In January 2002, Gates announced the "Trustworthy Computing" initiative, which he described as a long-term, companywide initiative to make the computing experience as trustworthy as other established experiences such as the telephone. Many people focused on the aspect of trustworthy computing that focused on the new emphasis on security and privacy in all of Microsoft's products. The initiative prompted the company to reevaluate and redesign several of its practices and processes, and delayed the release of Windows Server 2003, the successor to the Windows 2000 Server family of operating systems. Reaction to the Trustworthy Computing initiative has been mixed, with observers lauding Microsoft's increased focus on security but charging that the company still has a lot of work to do.
Earlier versions of Microsoft products had a security stance of "permitted unless forbidden", which is hard to change, as much Microsoft software relies on this policy. This stance can be taken advantage of to cause security problems. For example, macros embedded in documents or HTML in email can run programs allowing an attacker to take over the user's computer. However, a chief cause in the spread of viruses has been unskilled users failing to apply available patches even months after they have been released. In fact, Microsoft blames the spread of viruses on the very fact that it issues patches to fix security holes; crackers examine the patches, find out what problems they are meant to fix, then create exploits to attack systems which have not been patched. Windows XP Service Pack 2 attempts to address this by encouraging users to automatically apply patches and making the system "secure by default" (for example, by turning on the firewall).
Microsoft's licensing policy has actually aided the spread of viruses, because the first service pack for Windows XP checked for known pirate keys and refused to patch Windows XP installations which had been pirated. This resulted in a large number of Windows XP systems which were left vulnerable. To combat this, Microsoft briefly considered letting Windows XP Service Pack 2 be installable on pirated copies of Windows XP, but later decided against this as it would encourage further piracy, although they didn't update the validation engine in Windows XP SP2. 
In February 2004, partial source code from the Windows 2000 kernel was alleged by Microsoft to have been "illegally leaked" and widely distributed on filesharing networks. The leak contains source code for network protocols, parts of Internet Explorer, and certificate handling. Examination of the code revealed flaws (such as a negligence in checking for out-of-bounds values), and some people developed theoretical attacks to show how easily this leaked code could allow current versions of Windows to be compromised, but these flaws are not yet known to have been exploited maliciously.

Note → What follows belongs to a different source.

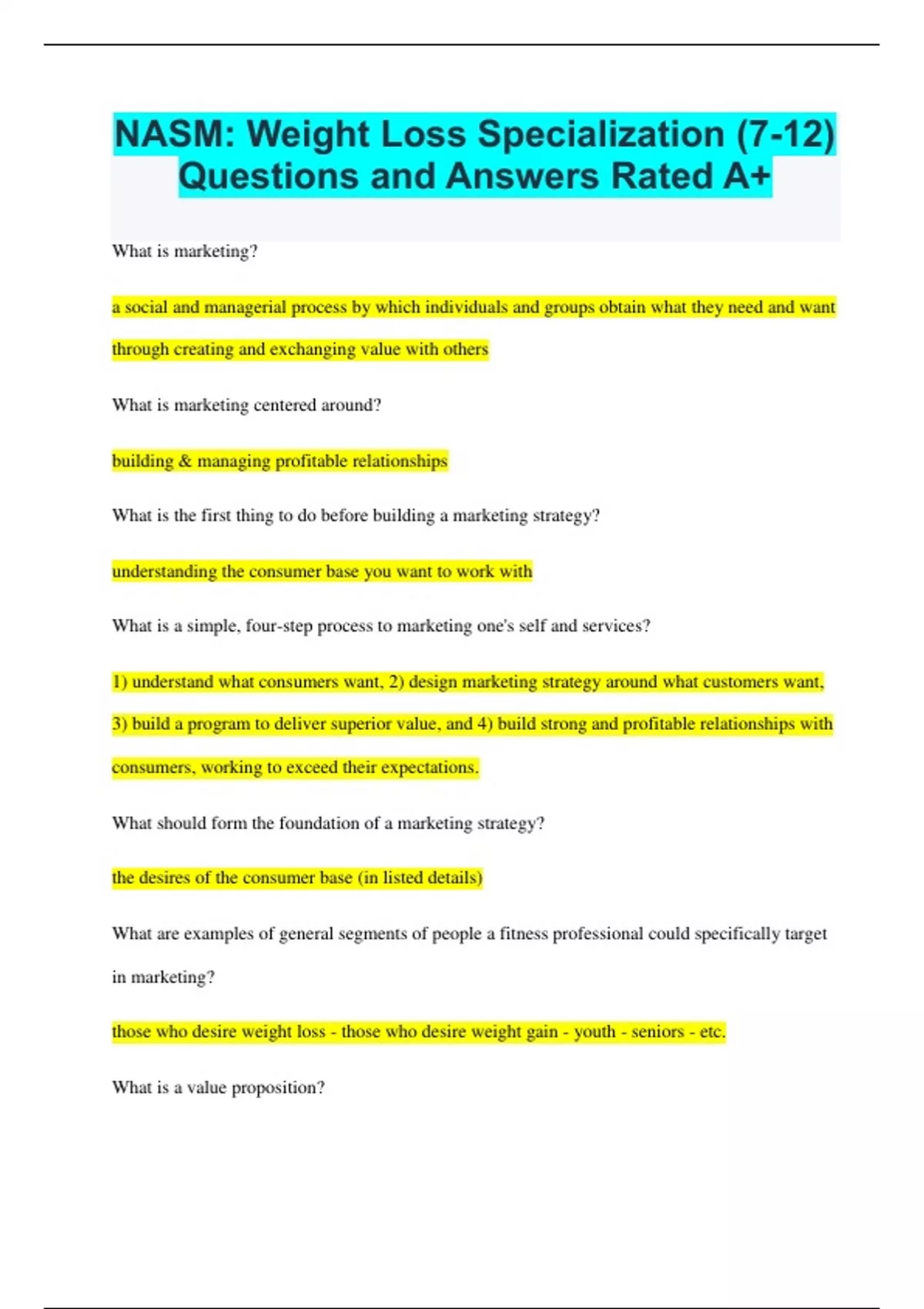 NASM: Weight Loss Specialization (7-12) Questions and Answers Rated A+ What is marketing? a social and managerial process by which individuals and groups obtain what they need and want through creating and exchanging value with others What is marketing centered around? building & managing profitable relationships What is the first thing to do before building a marketing strategy? understanding the consumer base you want to work with What is a simple, four-step process to marketing one's self and services? 1) understand what consumers want, 2) design marketing strategy around what customers want, 3) build a program to deliver superior value, and 4) build strong and profitable relationships with consumers, working to exceed their expectations. What should form the foundation of a marketing strategy? the desires of the consumer base (in listed details) What are examples of general segments of people a fitness professional could specifically target in marketing? those who desire weight loss - those who desire weight gain - youth - seniors - etc. What is a value proposition? the set of benefits or values the professional promises to deliver to consumers to satisfy their needs; a statement which provides the reason why a customer should buy your services What basic steps are involved in preparing a marketing plan? determining price, place, and promotion method What are three keys to building a a healthy relationship in marketing? effective & open communication - superior customer service - professionalism How does a fitness professional determine the price of their services? determining the overhead costs & assessing what their market will bear What is the purpose of "promotion"? to communicate the benefits of your product and persuade a client to purchase your services What is the most important step in marketing for fitness professionals? building customer relationships What are some "dos" for effective communication with a weight loss client? inform potential clients of the overall health benefits of increasing physical activity - address long and short-term goals - describe how a typical session will go - inform the client of expectations that exist outside of training sessions - establish frequency of reassessments - encourage questions to better understand the client's expectations - show the client a workout template What are some "don'ts" for effective communication with a weight loss client? don't use complicated language - don't make promises you might not be able to keep, using words such as "guarantee" - don't talk about results coming quickly or easily - don't encourage unrealistic expectations What are some keys for superior customer service? Greet - Inform - Inspire Care - Educate - Motivate When it comes to diet and nutrition advice, what is within the scope of practice for a fitness professional? Providing general, non medical nutrition information - Referring clients to a registered dietitian (RD) - Having a client fill out a Physical Activity Readiness Questionnaire (PAR-Q) Unlike a personal trainer certification, what characterizes the licensure of a Registered Dietician? legally protected & authorized by the Commission of Dietetic Registration What is a board-certified specialist in sports dietetics (CSSD)? A registered dietitian with a minimum of 2 years of professional practice experience - A specialist in sports nutrition qualified to deliver medical nutrition therapy - Nationally certified by the Commission in Dietetic Registration What does the acronym S.O.A.P. stand for? Subjective, Objective, Assessment, Plan What is the primary purpose of the S.O.A.P. note? to document transactions and client participation T/F: Laws exists in almost every state that allow fitness professionals to prescribe nutrition counseling (medical nutrition therapy). False: Laws exist in almost every state that limit the practice of medical nutrition therapy to licensed or registered dietitians or nutritionists and specific health care professionals. What is the organization that authorizes registered dietitians in the United States? Commission on Dietetic Registration (CDR) - which is the credentialing organization of the Academy of Nutrition and Dietetics T/F: Teaching about the difference between saturated and unsaturated fats lies within the scope of practice of a fitness professional. True (general, non medical nutrition information) What are two tools fitness professionals should be using in giving nutrition advice? Nutrition facts panels & the Dietary Guidelines for Americans What are some key questions to ask in order to determine if a fitness professional should refer their client to a specialist? 1) Could this person be better helped by someone with more (or different) expertise? 2) Does this person's nutrition concern fall outside the realm (physically and/or psychologically) of a healthy individual? 3) Do I feel any discomfort with my ability to help this person? What documentation(s) provides helpful information from a fitness professional about a client to a health professional? S.O.A.P & PAR-Q When performing assessments on clients who are overweight, the fitness professional should... ...use a private or semi-private location. If a client expresses sore muscles due to her

Critics decry Microsoft's perceived "embrace and extend" strategy of adding proprietary features to open, de facto standards, thereby using its market dominance to gain de facto ownership of standards "extended" in this way. Microsoft meanwhile depicts its actions as its response to customer demand, and has accused governments of trying to interfere with its desire to innovate and to bring consumers better technology at lower prices.
Microsoft critics have claimed as far back as 1994 that Microsoft implements "hidden APIs" in its operating systems, functions that Microsoft never documents publicly but uses in its application software products to competitive advantage. Microsoft is known to have implemented special APIs in Windows for use by other companies' applications, but examples of hidden APIs used by Microsoft products have not been forthcoming. Microsoft denies that its application products use non-public APIs.

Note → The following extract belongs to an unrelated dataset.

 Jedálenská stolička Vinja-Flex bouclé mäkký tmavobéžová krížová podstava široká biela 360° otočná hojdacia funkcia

From its very inception, Microsoft defined itself as a platform company and understood the importance of attracting third-party programmers. It did so by providing development tools, training, access to proprietary APIs in early versions, and partner programs. The solutions and plugins built by third-party programmers in turn led to more Microsoft sales.
Now the ubiquity of Microsoft software allows a user to benefit from "network effects". For example, the large installed base of Microsoft Word almost makes MS Word files the de-facto standard word-processor format (in spite of the various versions of MS Word not being file-compatible among themselves), making it essential for most business users. In addition, more potential employees have training in MS Office than on competing products. Hence using MS Office can result in reduced training requirements, especially in the case of temporary employment.
Microsoft software also represents a "safe" choice for IT managers purchasing software systems, in that the ubiquity of Microsoft software allows them to claim that they are following accepted best practices. This is a particularly attractive option for IT managers with limited technical knowledge.
The European Commission quotes Microsoft head of C++ development Aaron Contorer as stating in an internal Microsoft report for senior management:
- "The Windows API is so broad, so deep, and so functional that most independent software vendors would be crazy not to use it. And it is so deeply embedded in the source code of many Windows apps that there is a huge switching cost to using a different operating system instead... It is this switching cost that has given the customers the patience to stick with Windows through all our mistakes, our buggy drivers, our high TCO (total cost of ownership), our lack of a sexy vision at times, and many other difficulties [...] Customers constantly evaluate other desktop platforms, [but] it would be so much work to move over that they hope we just improve Windows rather than force them to move. In short, without this exclusive franchise called the Windows API, we would have been dead a long time ago."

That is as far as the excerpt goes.